Alan rubbed at the greying bristle on his chin. ‘There was some woman that she couldn’t stand. Called her Agatha Christie on cocaine. Then there was him.’
Henley stopped writing. ‘Him?’
‘I can’t remember his name. But he used to phone her all the time. I took a look at her phone and I saw the text messages from him.’
‘Was she sleeping with him?’
‘She denied it, but the things that he was saying. You don’t talk that way unless you’ve been intimate. Do you know what I mean?’
‘Can you remember his name?’
Alan shook his head. ‘Nah.’ He glanced down at his watch. ‘How much longer is this going to take?’
‘I’m nearly done. I just need your permission.’
‘Permission for what?’
‘To exhume your wife’s body.’
Alan’s face paled. ‘What the fuck for?’
‘We believe that her murder might be connected to a series of murders that the SCU is currently investigating.’

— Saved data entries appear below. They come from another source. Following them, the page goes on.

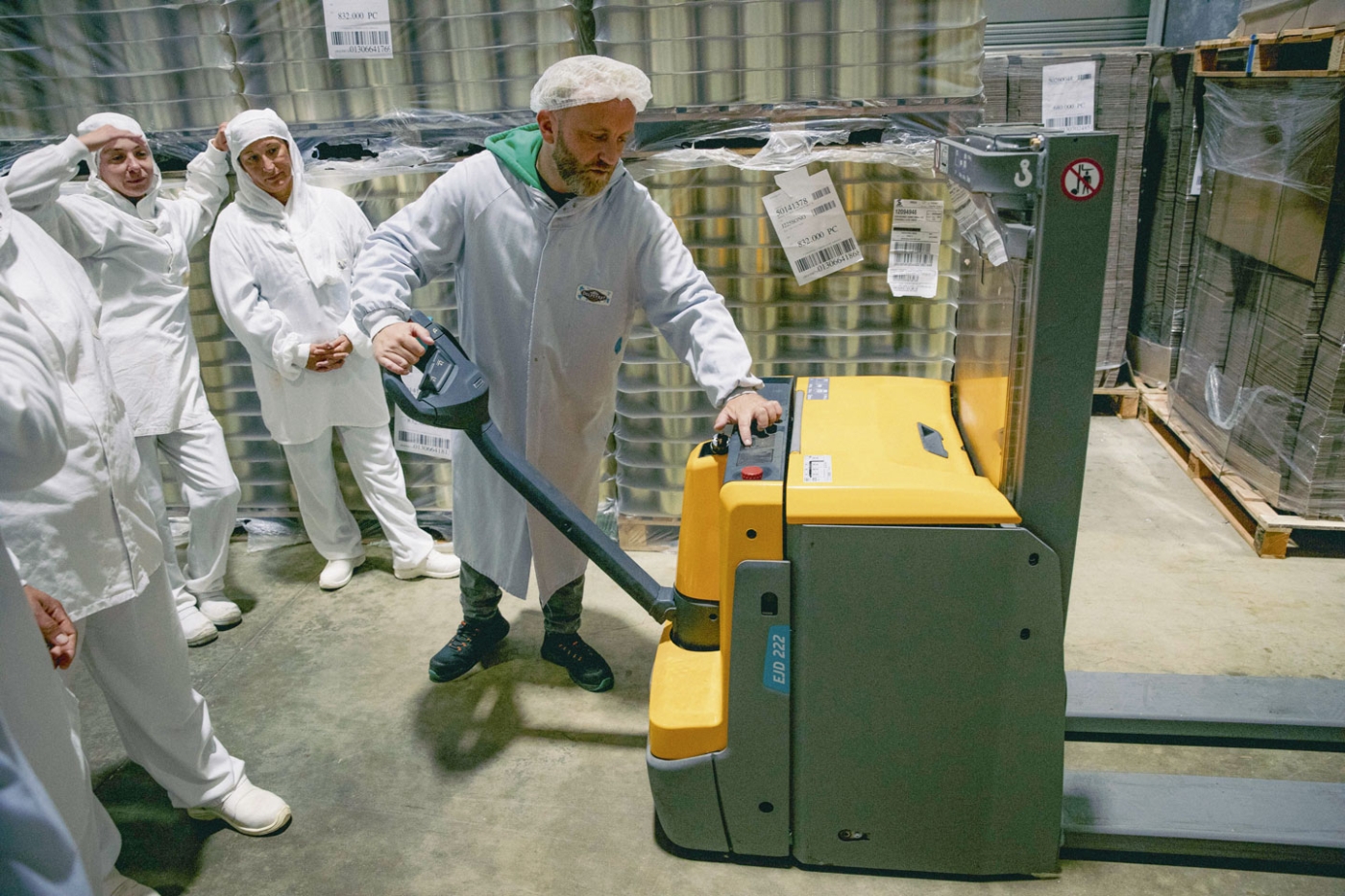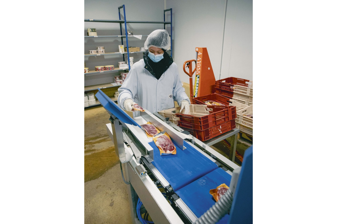 Du côté de la préparation des commandes, les opératrices avaient l’habitude d’étiqueter manuellement et quotidiennement deux tonnes de magrets dans un espace peu sécurisé, au milieu des circulations de chariots. Là aussi, l’ensemble des acteurs ont été mis autour de la table et des tests ont été réalisés avec une machine disponible. « Le travail se fait désormais dans une zone calme, plus proche des frigos, sans se courber, sans gestes répétitifs », constate Sandrine Villenave, une opératrice. Des transpalettes de mise à niveau sont utilisés pour l’alimentation de la machine et la récupération des produits.
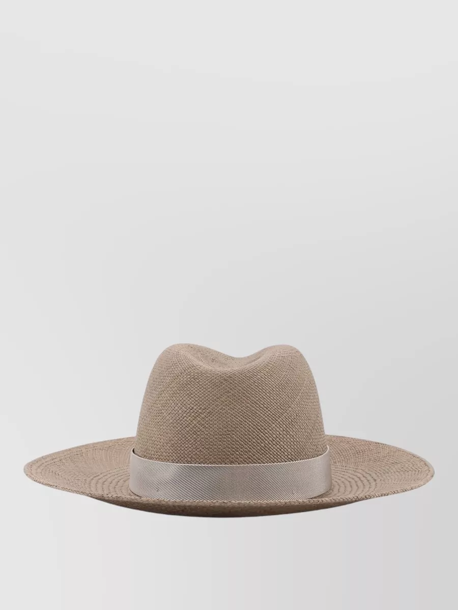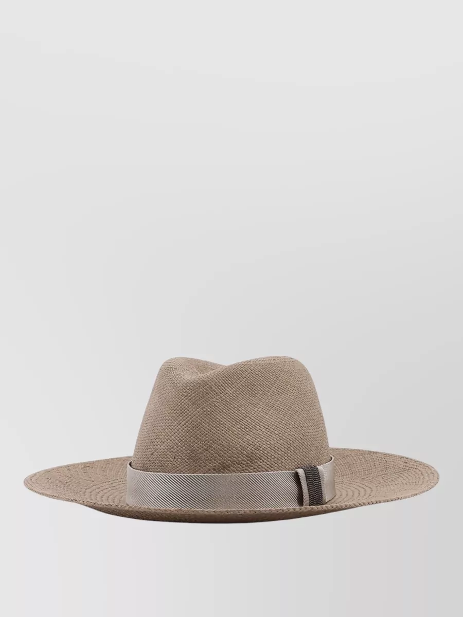 Brunello Cucinelli raffia fedora hat monili detail ribbon band
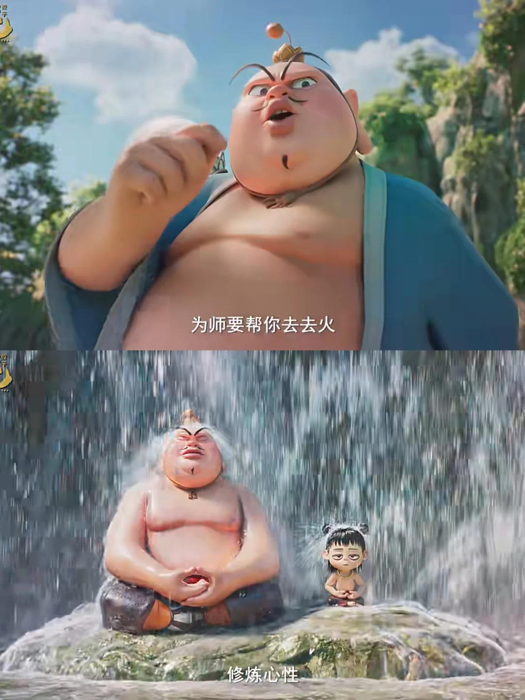 哈哈哈,新发布“哪吒练定力”喜剧短片真的太搞笑了[偷笑R],太乙真人觉得哪吒火气太大定力太差,带着哪吒冲瀑布“物理去火”,修炼定力,结果没想到却惨遭偷家!
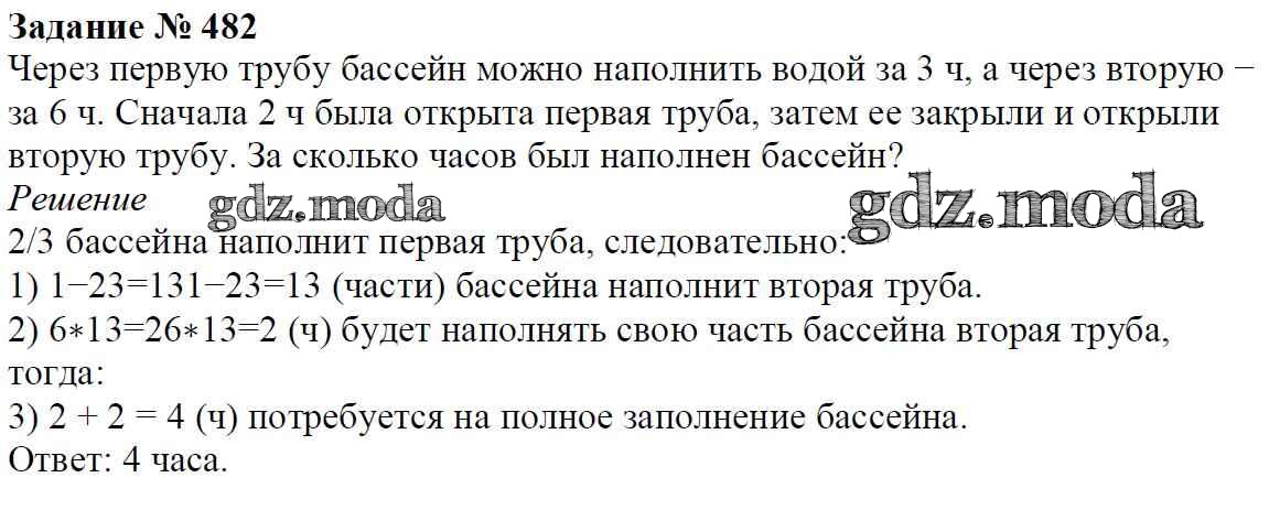 ОТВЕТ на задание № 482 Учебник по Математике 6 класс Мерзляк Алгоритм успеха
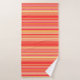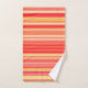 Serviette sertie dans des rayures mélangées dans les tons pastel à corail orange foncé, accentuée de corail rouge et doux jaune doré
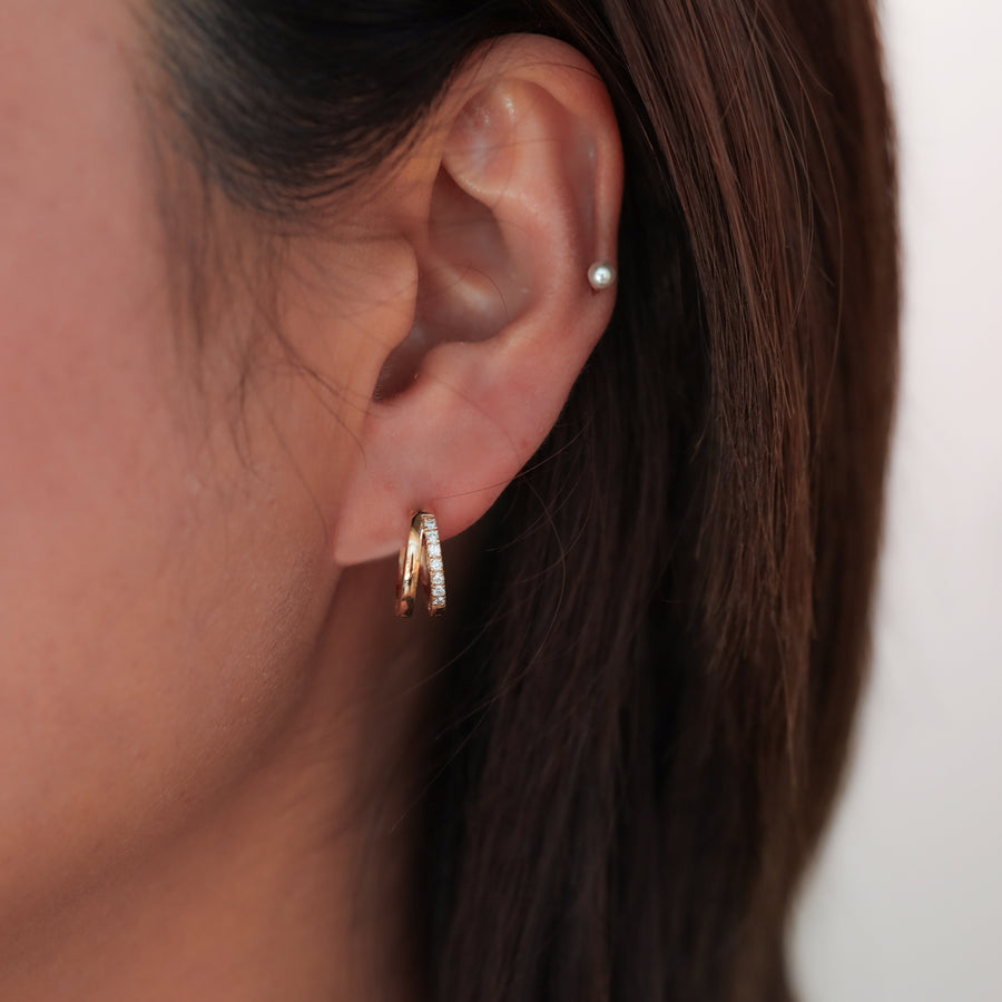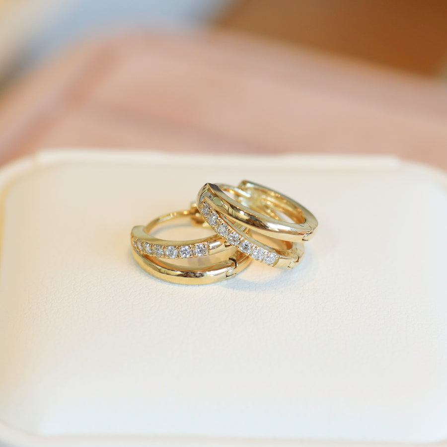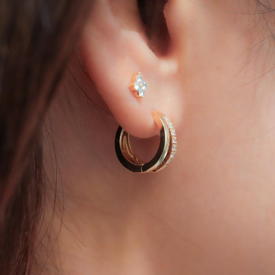 Double Arc with Lab Diamonds Accent Huggie Earrings – 14K Solid Gold Dual Hoop
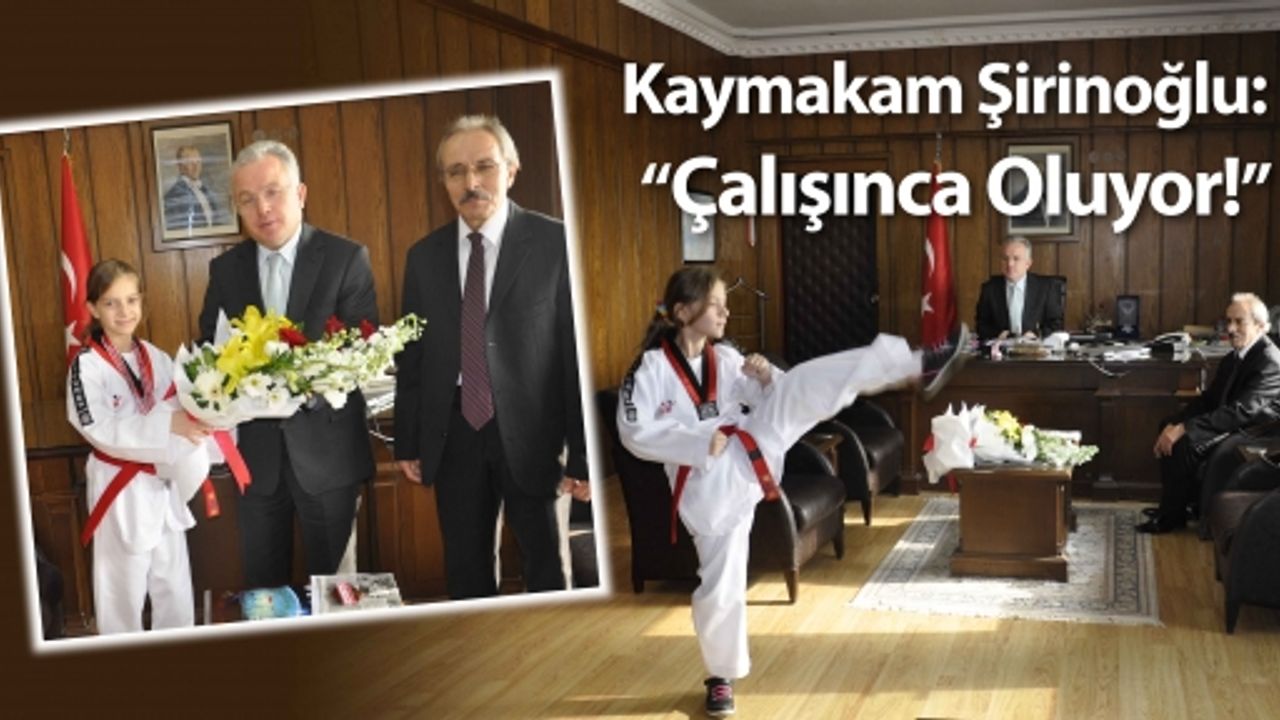 Milli Taekvondocumuz Körfez'in gururu Şevval Yarar'ı makamında kabul eden Kaymakam Mahmut Şirinoğlu ''Kızım bir poomse çizde gözümüzün pası silinsin dedi.
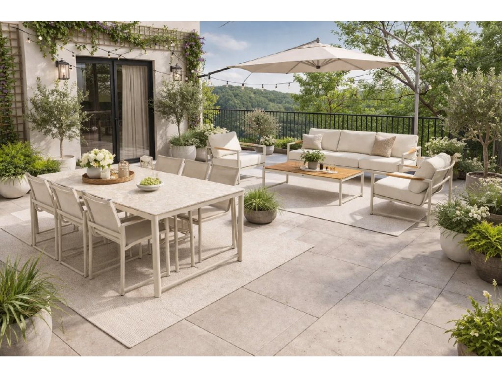 Zahradní jídelní set Hartman Fontaine se stolem o rozměru 240x100cm v barvě sand.
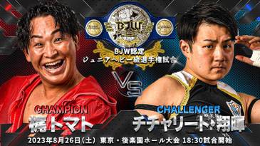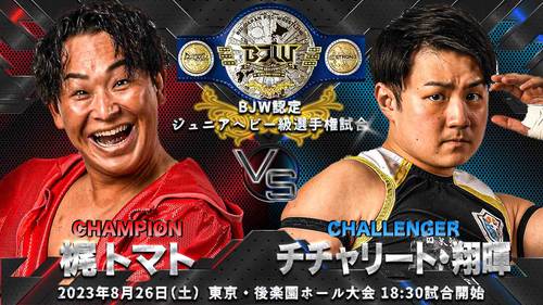 7. BJW Jr. Heavyweight Title: Kaji Tomato (c) venció a Chicharito Shoki (15:56) con un Red Eye defendiendo el título

‘You want to dig her up?’ He shook his head in disbelief, the cigarette smouldering away between his fingers. ‘And you think that this same person killed my Carole?’
‘It’s a possibility, but we can’t be sure until we—’
‘Dig her up?’
Henley nodded. ‘I’m sorry.’
‘What you apologising for? You didn’t kill her.’ Alan stamped out the cigarette on the bench and flicked the butt towards the pond. He breathed out so sharply that it sounded like a whistle. ‘Fine. Do it. Do what you need to do. As long as it puts me in the clear, you can dig her up.’